What you are asked to do: Word-for-word repetition of the records below is needed, but only from the line holding "Ева, сауна по" through the final line, with pictures excluded.

[Extracted records]
-*-
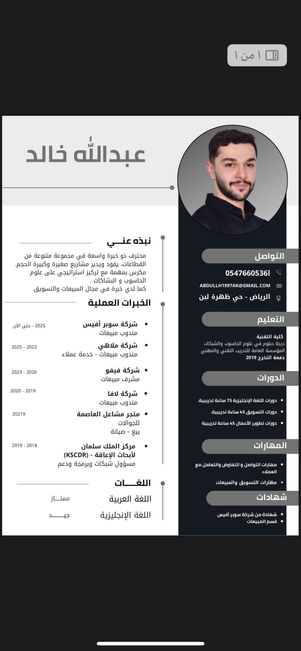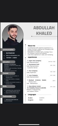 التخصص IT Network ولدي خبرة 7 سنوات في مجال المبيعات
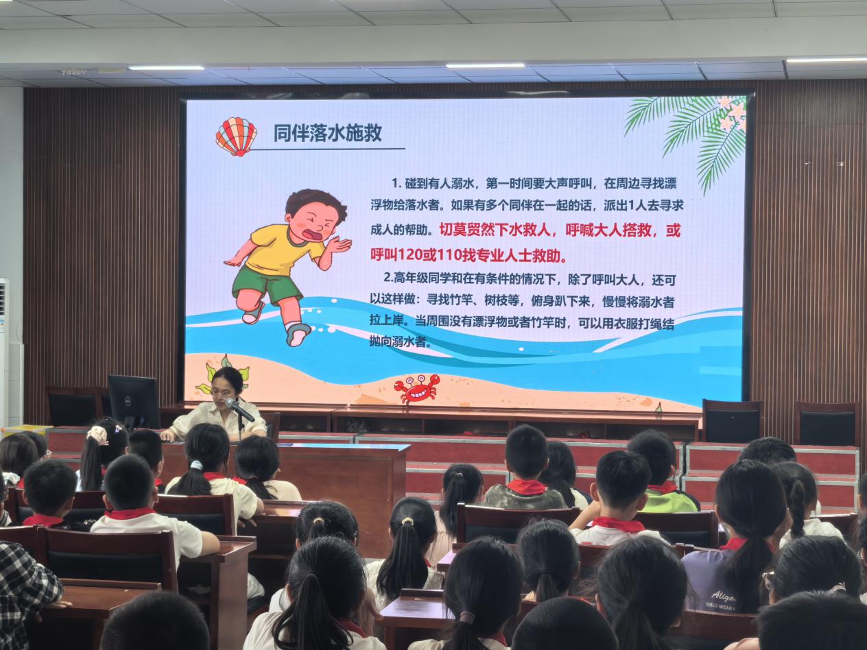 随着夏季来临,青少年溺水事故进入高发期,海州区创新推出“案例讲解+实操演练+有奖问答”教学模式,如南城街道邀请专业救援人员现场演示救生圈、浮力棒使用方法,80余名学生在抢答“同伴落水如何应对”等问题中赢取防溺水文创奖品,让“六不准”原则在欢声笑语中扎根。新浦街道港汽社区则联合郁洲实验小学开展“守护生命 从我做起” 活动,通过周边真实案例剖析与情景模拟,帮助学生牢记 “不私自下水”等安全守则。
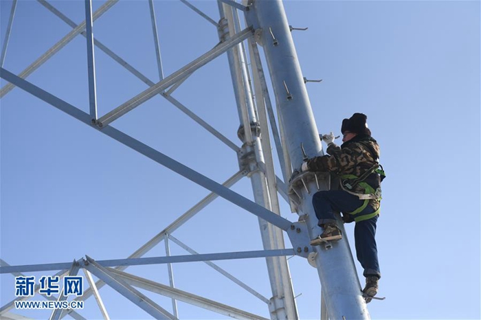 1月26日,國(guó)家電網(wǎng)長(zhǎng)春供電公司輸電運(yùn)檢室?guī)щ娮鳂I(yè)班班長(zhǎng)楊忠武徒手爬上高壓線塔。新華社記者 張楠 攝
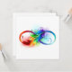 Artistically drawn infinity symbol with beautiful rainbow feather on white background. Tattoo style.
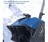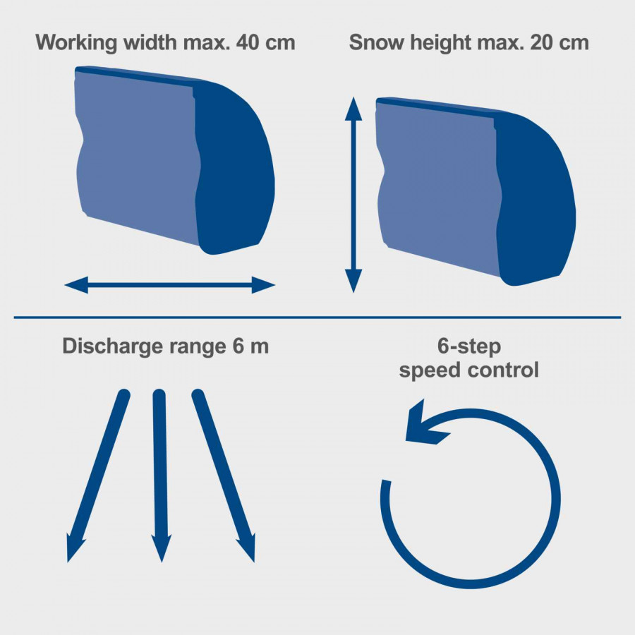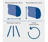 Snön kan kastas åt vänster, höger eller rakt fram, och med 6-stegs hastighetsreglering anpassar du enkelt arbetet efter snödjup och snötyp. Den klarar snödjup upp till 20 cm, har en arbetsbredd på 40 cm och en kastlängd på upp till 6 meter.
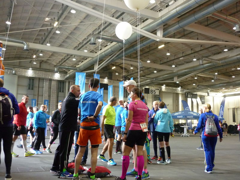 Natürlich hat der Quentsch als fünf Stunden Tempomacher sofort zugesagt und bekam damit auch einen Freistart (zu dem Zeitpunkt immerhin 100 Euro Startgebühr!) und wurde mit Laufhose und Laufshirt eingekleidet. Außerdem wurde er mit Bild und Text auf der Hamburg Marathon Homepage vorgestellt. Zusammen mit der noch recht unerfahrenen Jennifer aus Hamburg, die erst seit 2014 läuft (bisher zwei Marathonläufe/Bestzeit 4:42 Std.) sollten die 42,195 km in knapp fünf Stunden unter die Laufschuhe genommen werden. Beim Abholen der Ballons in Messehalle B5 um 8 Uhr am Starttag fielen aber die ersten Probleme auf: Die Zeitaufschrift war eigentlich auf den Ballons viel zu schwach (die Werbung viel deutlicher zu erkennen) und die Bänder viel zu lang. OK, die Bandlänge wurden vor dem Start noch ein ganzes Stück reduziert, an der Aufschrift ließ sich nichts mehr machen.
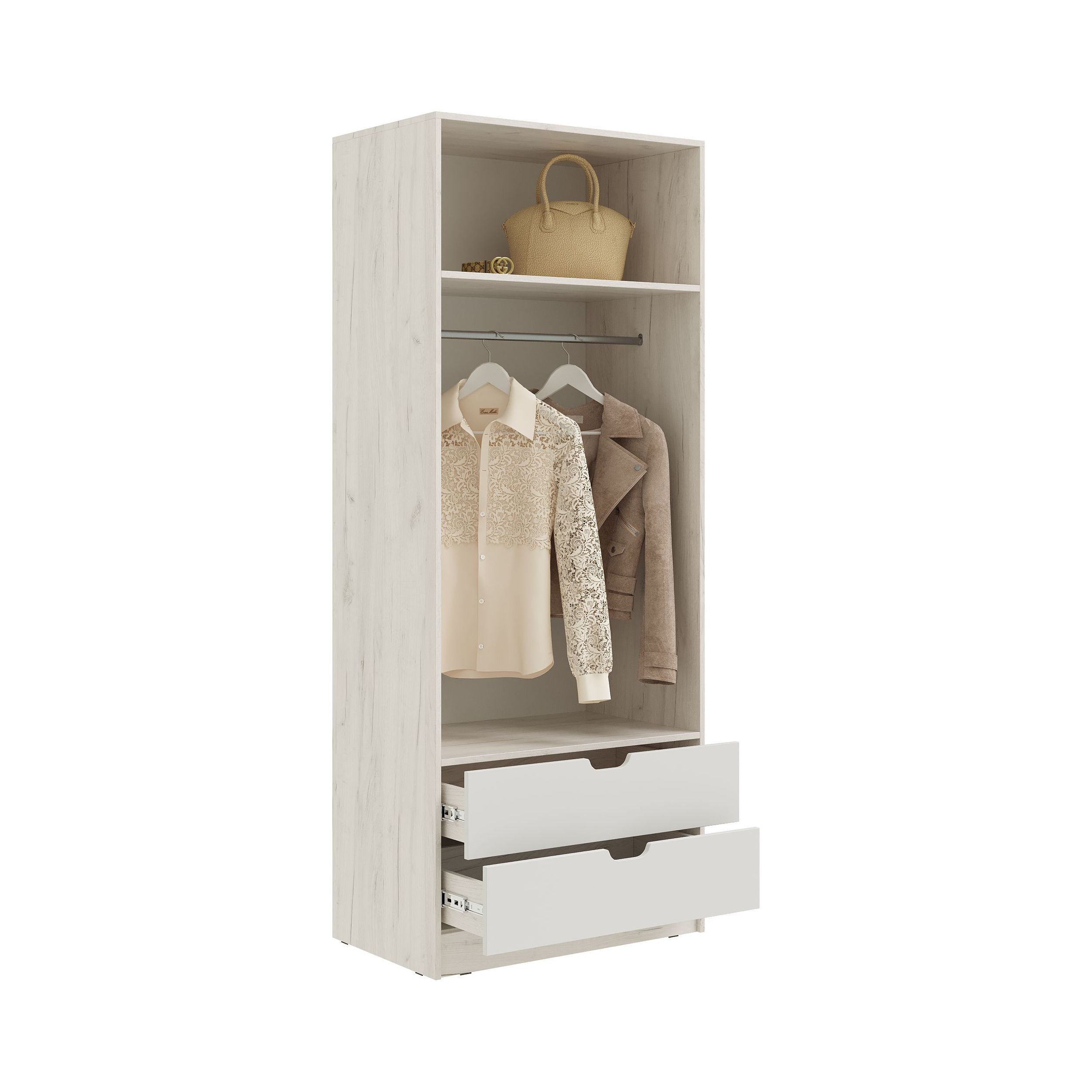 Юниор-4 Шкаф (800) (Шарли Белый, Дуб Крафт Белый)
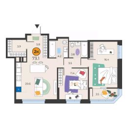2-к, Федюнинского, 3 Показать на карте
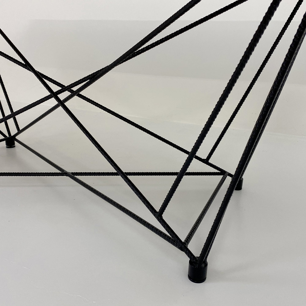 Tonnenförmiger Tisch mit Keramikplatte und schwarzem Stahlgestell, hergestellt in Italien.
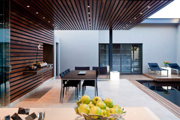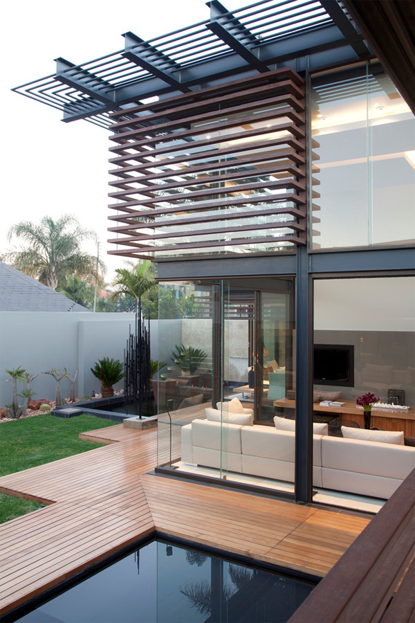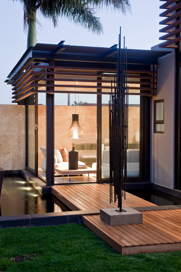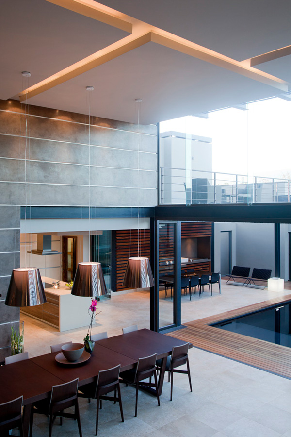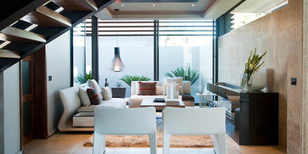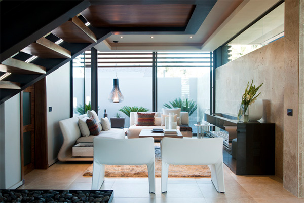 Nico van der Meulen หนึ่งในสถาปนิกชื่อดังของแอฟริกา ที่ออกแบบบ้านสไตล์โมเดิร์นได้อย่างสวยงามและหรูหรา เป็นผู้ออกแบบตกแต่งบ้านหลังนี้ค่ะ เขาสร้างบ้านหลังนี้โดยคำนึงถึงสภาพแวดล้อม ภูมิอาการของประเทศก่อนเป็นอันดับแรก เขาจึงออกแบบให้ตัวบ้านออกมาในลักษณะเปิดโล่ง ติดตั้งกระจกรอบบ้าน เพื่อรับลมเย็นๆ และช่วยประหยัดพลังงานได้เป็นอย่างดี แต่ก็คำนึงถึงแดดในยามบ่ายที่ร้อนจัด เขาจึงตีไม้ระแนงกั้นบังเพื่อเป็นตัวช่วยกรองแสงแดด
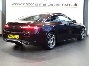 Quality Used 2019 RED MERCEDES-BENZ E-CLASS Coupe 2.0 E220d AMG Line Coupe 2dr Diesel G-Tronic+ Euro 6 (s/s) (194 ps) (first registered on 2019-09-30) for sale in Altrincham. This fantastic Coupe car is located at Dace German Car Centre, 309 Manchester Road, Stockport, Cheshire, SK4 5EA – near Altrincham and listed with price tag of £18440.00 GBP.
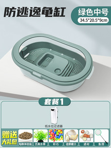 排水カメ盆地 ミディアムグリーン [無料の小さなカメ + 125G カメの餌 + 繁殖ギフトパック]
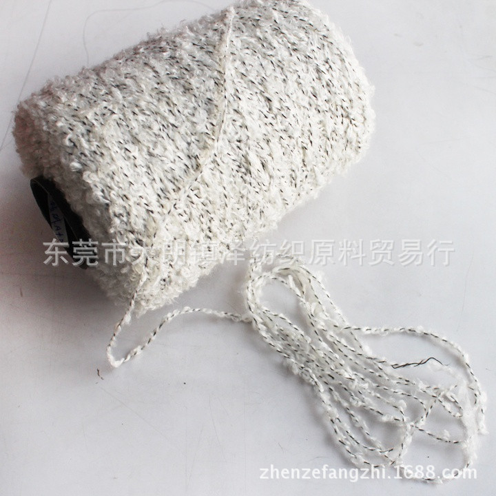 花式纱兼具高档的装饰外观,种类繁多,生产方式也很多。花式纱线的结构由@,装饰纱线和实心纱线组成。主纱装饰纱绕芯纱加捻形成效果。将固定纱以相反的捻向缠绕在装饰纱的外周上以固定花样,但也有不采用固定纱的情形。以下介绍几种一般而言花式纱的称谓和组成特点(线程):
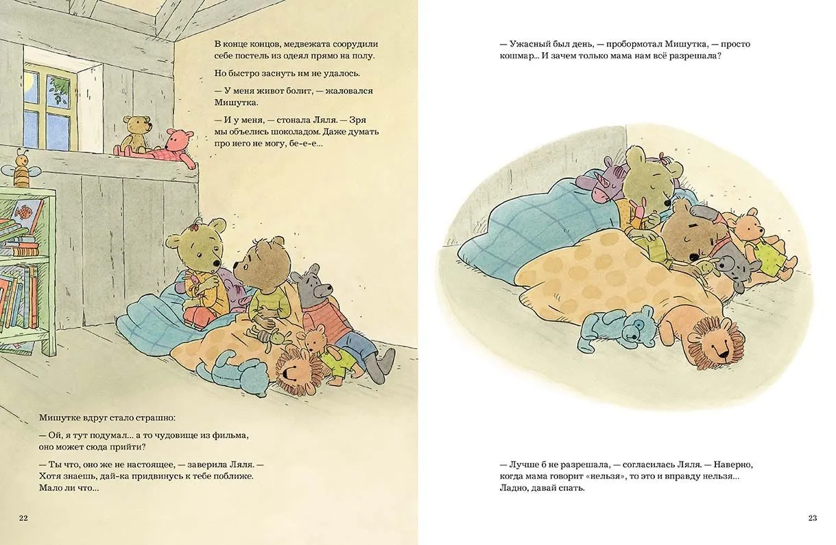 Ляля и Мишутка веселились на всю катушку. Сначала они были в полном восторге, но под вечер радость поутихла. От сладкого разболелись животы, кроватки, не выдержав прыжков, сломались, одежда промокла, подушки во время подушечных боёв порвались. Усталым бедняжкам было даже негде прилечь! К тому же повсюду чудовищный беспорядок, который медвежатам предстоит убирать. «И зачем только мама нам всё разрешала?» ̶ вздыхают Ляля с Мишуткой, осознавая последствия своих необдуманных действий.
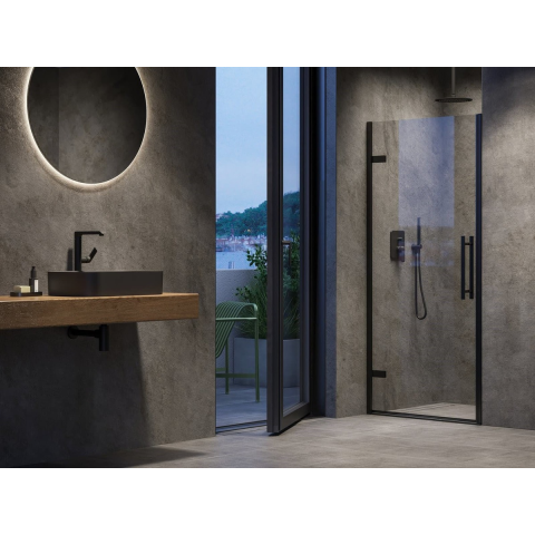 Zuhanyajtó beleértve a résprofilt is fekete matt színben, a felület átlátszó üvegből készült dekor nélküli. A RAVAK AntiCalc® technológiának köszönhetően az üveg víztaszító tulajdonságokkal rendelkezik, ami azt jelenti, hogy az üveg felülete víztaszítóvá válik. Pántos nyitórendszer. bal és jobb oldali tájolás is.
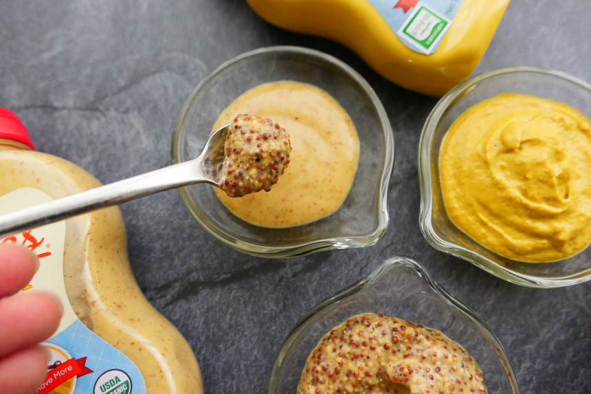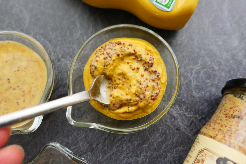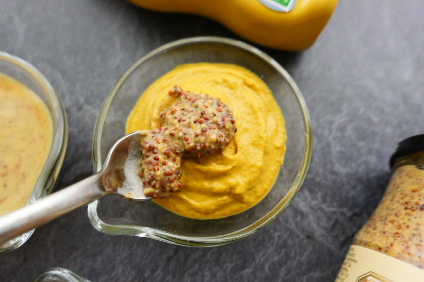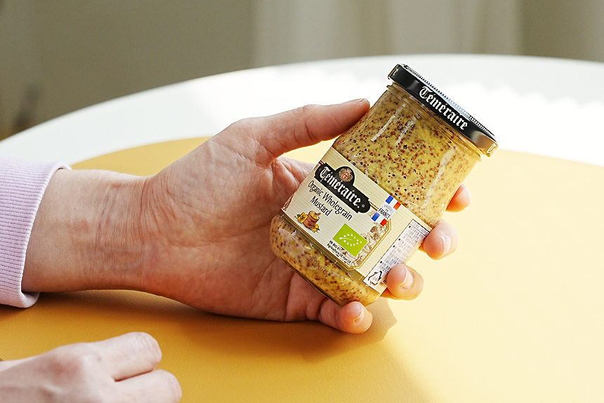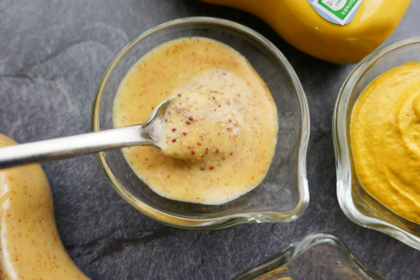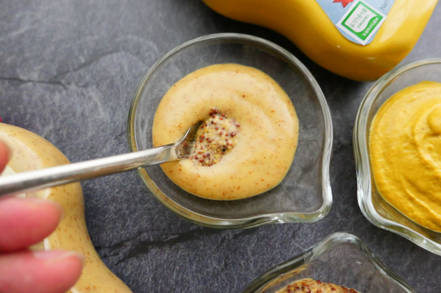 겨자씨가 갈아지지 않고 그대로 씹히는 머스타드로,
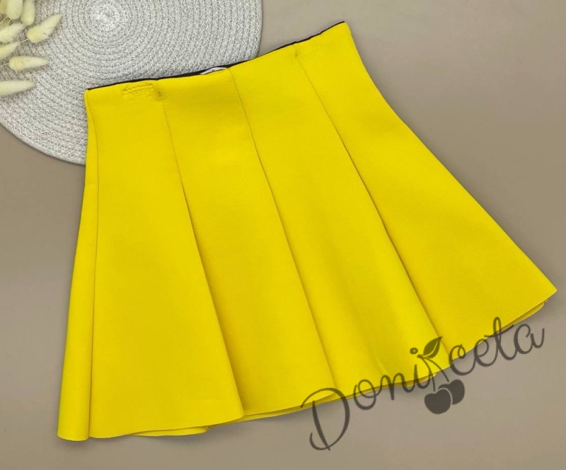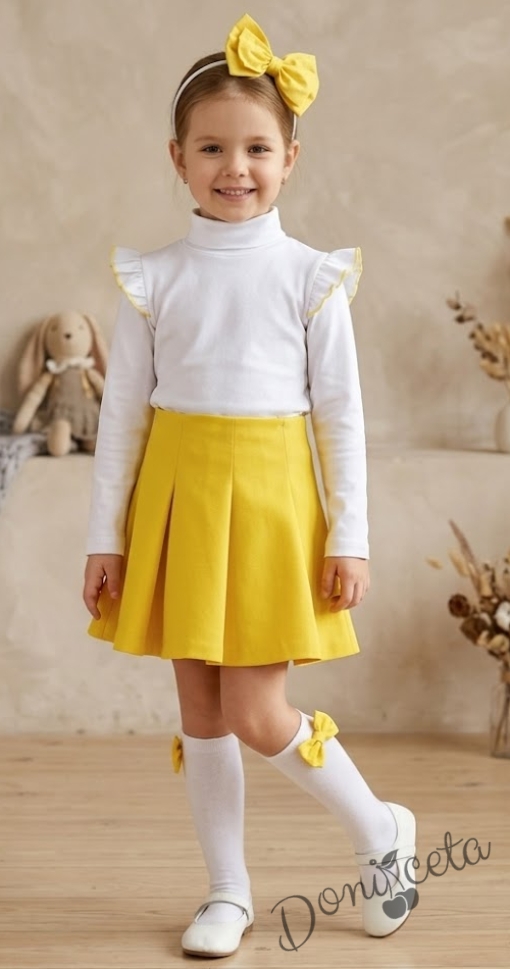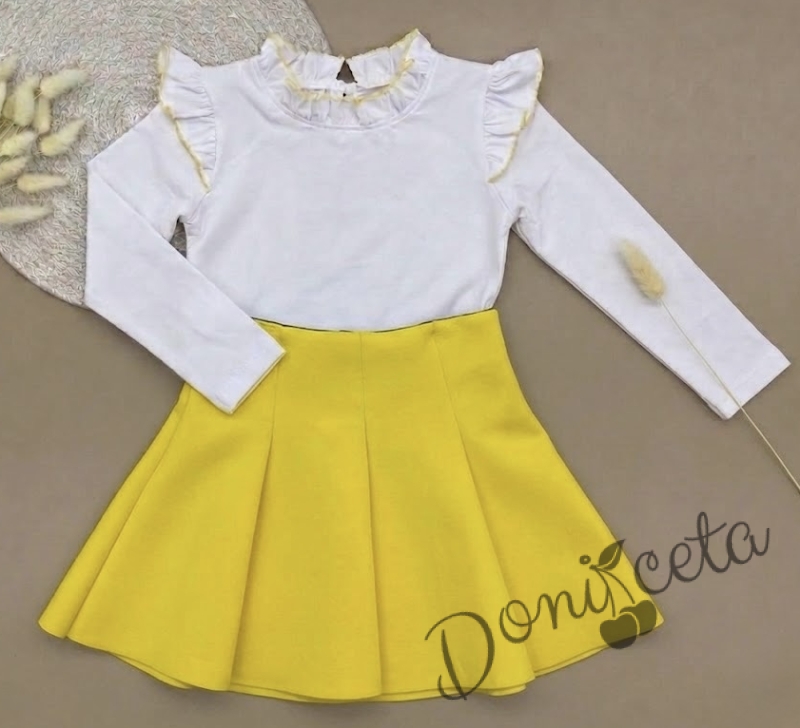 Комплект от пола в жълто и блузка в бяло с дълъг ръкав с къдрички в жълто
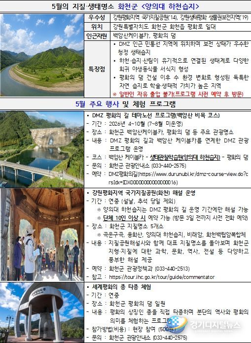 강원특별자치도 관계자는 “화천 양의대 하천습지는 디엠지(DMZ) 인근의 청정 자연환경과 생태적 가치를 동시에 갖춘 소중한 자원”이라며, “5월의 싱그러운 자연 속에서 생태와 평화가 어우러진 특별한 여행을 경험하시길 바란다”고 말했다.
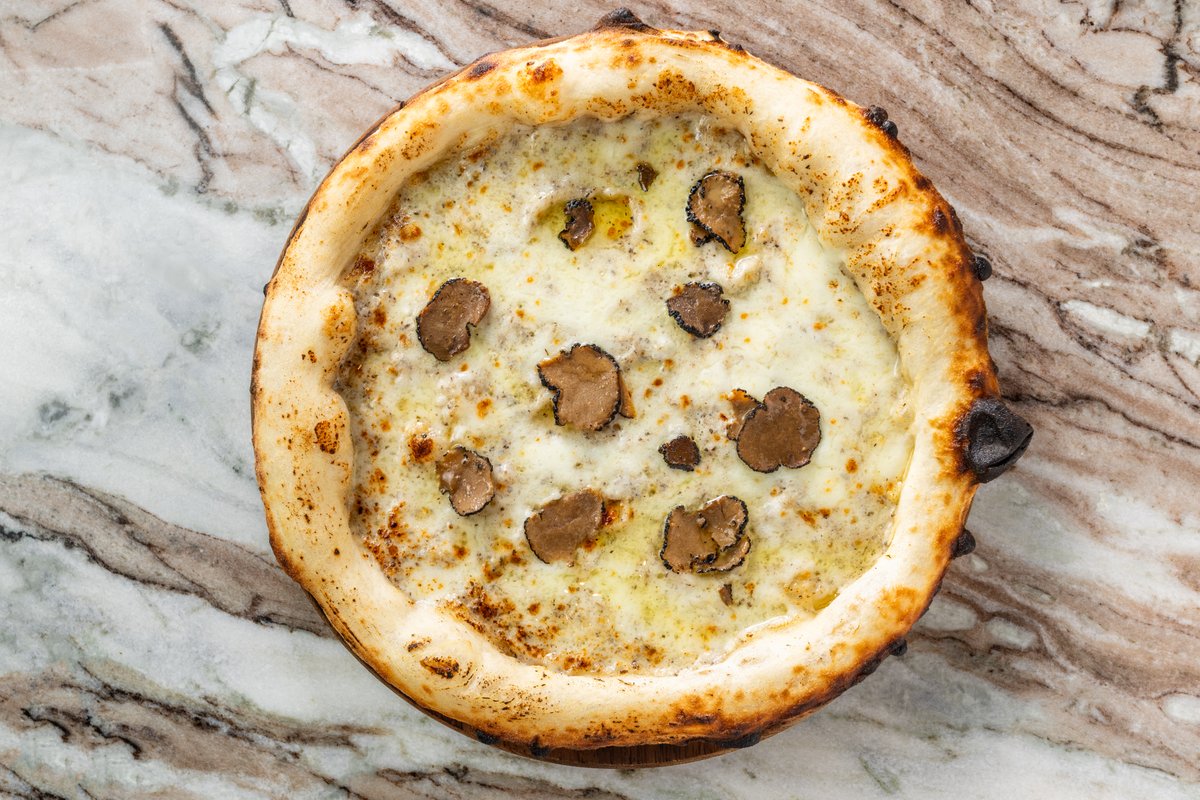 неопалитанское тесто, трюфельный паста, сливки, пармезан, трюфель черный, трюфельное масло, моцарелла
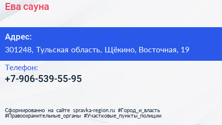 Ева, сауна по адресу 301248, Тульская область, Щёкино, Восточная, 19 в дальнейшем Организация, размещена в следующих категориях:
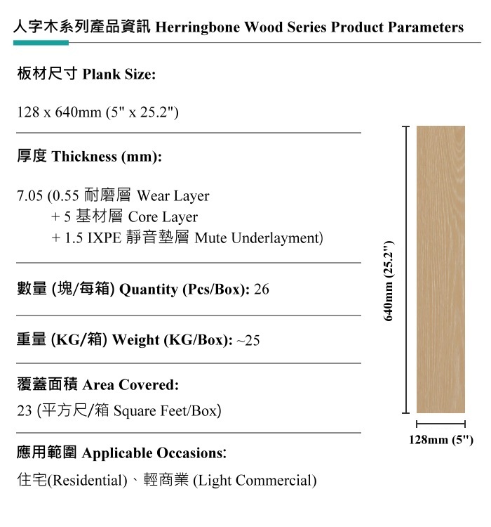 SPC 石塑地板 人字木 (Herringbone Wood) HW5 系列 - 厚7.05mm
-*-
Finished exercise:
 Ева, сауна по адресу 301248, Тульская область, Щёкино, Восточная, 19 в дальнейшем Организация, размещена в следующих категориях:
 SPC 石塑地板 人字木 (Herringbone Wood) HW5 系列 - 厚7.05mm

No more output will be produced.